Calloway is working again.
"No. Nothing like that."
She watched him closely. "What aren't you telling me? C’mon, out with it."
"For chrissake, Doc." He knew he couldn't fool her, not for long. He told her about his day—the Indians, the lightning, the numbers. "I tried the numbers. All I got was a brief glimpse of pillars. But then as I came out of it, I heard a voice, as if someone was talking about me."
He told her what he'd heard.
She frowned, shook her head. "It was them, Trent. You've got to go for that target again," she said, emphatically. "Let's do it now. I'll monitor you."
"No way. I'm not getting involved. Besides, I'm tired. It's late." "Hey, I drove all the way here from Ouray today. Five hours. I'm tired too, but we need to do this now."
Calloway ran a hand through his short, natty hair. "No we don't. Look, Doc. I've got tomorrow off. I'll take you out on the river."
"Like hell you will. Listen to me, you sonofabitch. This morning I was working in my garden. I looked up and there you were standing by a stone wall with hundreds of petroglyphs on it."
He nodded, surprised by both her vehemence and her accuracy. "You're right. I was there. That was where I saw the Indians."
"But you spoke to me. I heard your voice in my head."
"What did I say?"
"You said that we had work to do, that we had to stop the bastards before it was too late."
"I said that?"
"I interpreted that to mean we should infiltrate Maxwell's gang."
"Let's talk about it tomorrow. You can sleep on my cot. I'll take the hammock."
"Damn it, Trent." She raised her voice again. "You need to hit that target. Those numbers didn't appear for no reason and some part of you did reach out to me."
He scowled. He'd almost gotten hit by lightning, he'd fallen into the river, and now he was getting berated by a fat lady who wanted him to remote view in the middle of the night and maybe even go work for his old boss—a man he never wanted to see again.
"I'll tell you what, Doc. I'll shoot for that target. We'll see what I get.

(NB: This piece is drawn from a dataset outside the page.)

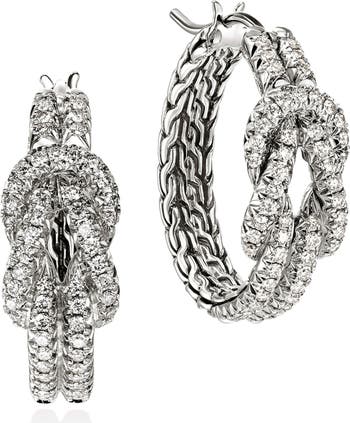 The bonds of love manifest in sculptural, diamond-covered knots at the center of these handcrafted hoop earrings.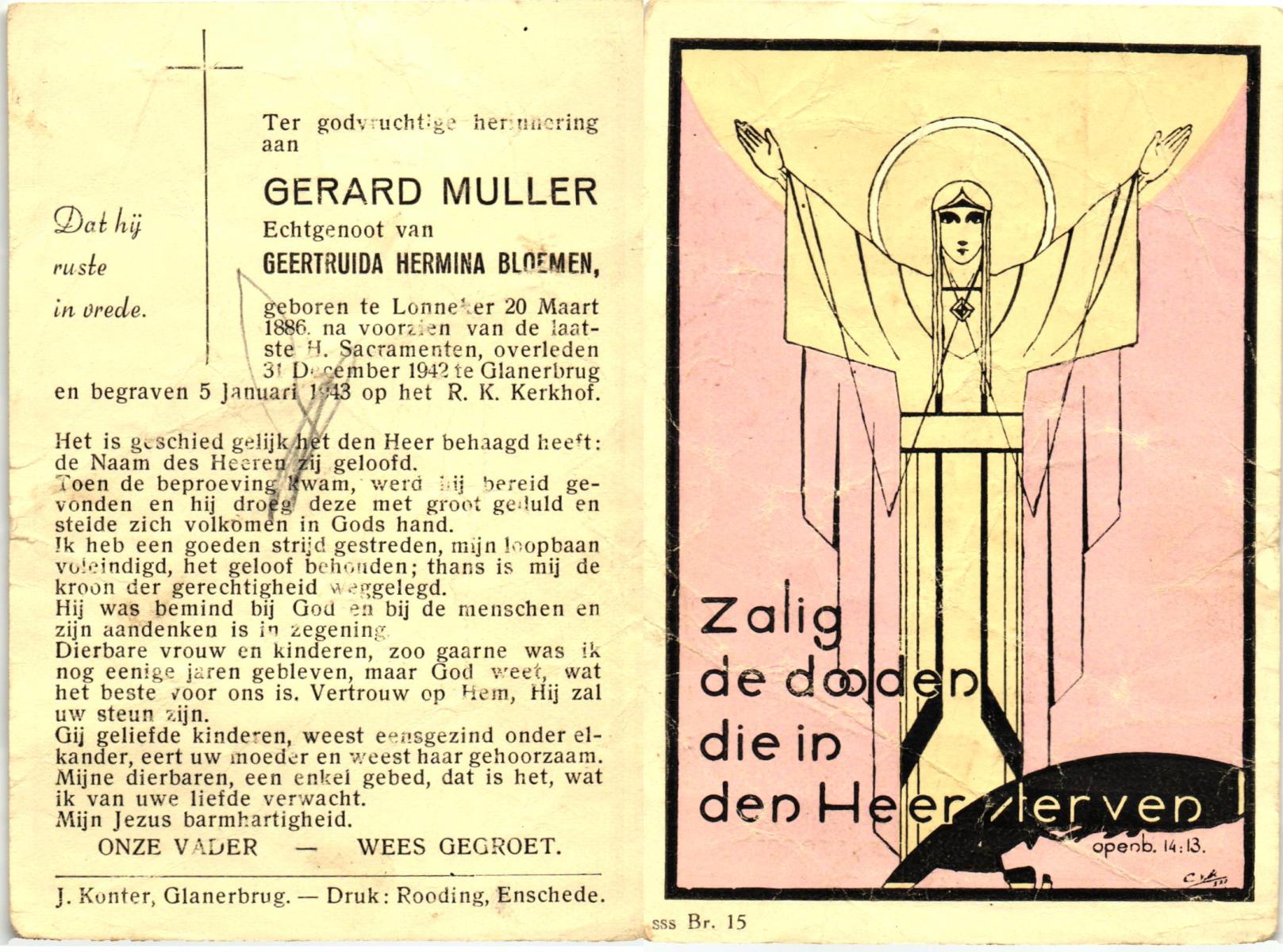 MULLER, Gerard, geboren op 20-03-1886 te Lonneker, overleden op 31-12-1942 te Glanerbrug op 56-jarige leeftijd, begraven op 5-1-1943 te Glanerbrug.

But I'm not going to go to work for Maxwell, even if it is to expose him." He waved a hand in front of him. "That's the end of it."
Doc looked disappointed. Tough, he thought.
He sat on the cot, a couple of pillows propped up behind him. He began breathing deeply and slowly. Doc handed him a notepad from her purse. "Write down the numbers you got," she said quietly. "I'll feed them back to you once you're down."
The numbers came easily to mind. He jotted them on the pad and handed it back to her. He drifted down into his zone and this time he pictured a dark hole to one side. He tossed all of his concerns into it, including his worries that he wouldn't succeed and his regrets about the past. To top it off, he tossed a metaphorical six-pack of beer into the hole and sealed it shut. Then he redirected his attention to Doc as she slowly read the numbers aloud.
He cleared his mind and focused. After a couple of minutes, Doc repeated the numbers and told him to take his time. He'd always been known as the quickest one to pick up images, but now he wasn't getting anything. He tried again. This time he pictured the numbers hovering in front of him, as he'd seen them by the river.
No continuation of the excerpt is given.